Vers un renforcement de « la majorité présidentielle » ?
Cette redistribution de cartes devrait entraîner des bouleversements au sein de la majorité présidentielle, selon le chercheur. « La République en marche a désormais la nécessité de s’assurer qu’il y a le moins possible de perditions au centre-droit, limitant notamment les affrontements avec les alliés comme Horizons [le parti d'Edouard Philippe]. L’accord à gauche peut aussi produire une accélération de débauchages des candidats Les Républicains sortants, si ces derniers ont le sentiment que la bannière "majorité présidentielle" leur offre plus de chance d’être élus », ajoute Martial Fourcault.
La tentation macroniste de plusieurs élus LR agite la droite depuis plusieurs jours. Mais la direction du parti a fait savoir qu’il n’y aurait pas d’accord national avec Emmanuel Macron. « Ca fait deux mois qu’on nous annonce que des dizaines d’élus vont rejoindre la majorité, mais on n’a vu personne sortir », balaie le député LR de la Manche, Philippe Gosselin. « Ce n’est pas parce qu’il y a un cartel électoral à gauche qu’il faut une union des droites.
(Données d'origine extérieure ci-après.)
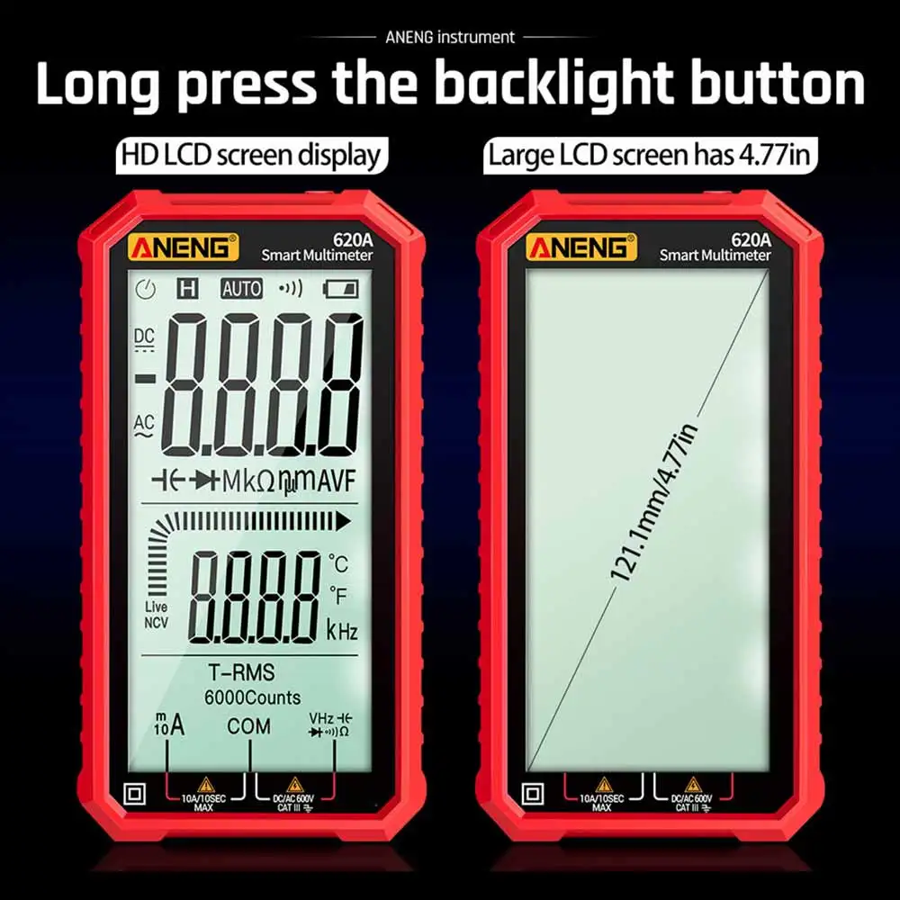 ANENG620A 4.7 Inch Auto Ranging Multi Tester Frequency Capacitance Temperature Tests Digital Multimeter Large LCD Display Screen

Sur le terrain, je ne pense pas que cette alliance change vraiment la donne. La dynamique nationale derrière la figure de Mélenchon ne l’est pas forcément au niveau local », nuance-t-il.
Le Rassemblement national continue de fermer la porte
Eric Zemmour a, de son côté, tenté d’utiliser cette union de la gauche pour enfin convaincre Marine Le Pen de faire alliance aux législatives. « Soit le bloc national s’unit, et dans ce cas-là il pourrait se retrouver au second tour dans 396 circonscriptions et avoir entre 100 et 200 députés. Soit il n’y a pas d’accord et le RN aura seulement 15 députés et il y aura 100 à 150 mélenchonnistes », a tweeté lundi le patron de Reconquête !. Un argument qui n’a pas du tout convaincu le Rassemblement national, qui continue d’ignorer son ex rival. « La gauche, qui est en état de mort cérébrale, tente de sauver ce qu’elle peut sauver avec cet accord, on peut le comprendre. Mais ça ne change rien à notre stratégie : nous aurons des candidats partout », appuie Gilles Pennelle, patron du RN en Bretagne.
Ce refus agace les cadres de Reconquête ! « Jean-Luc Mélenchon a, lui, eu l’intelligence politique de tendre la main à ceux qui l’ont empêché d’être au second tour. Macron tente aussi d’unifier sa majorité, constate Benjamin Cauchy, candidat du parti identitaire dans l’Aisne. De nôtre coté, le RN refuse cette unité pour des raisons passionnées. Cela nous rendra la tâche plus difficile pour le scrutin ».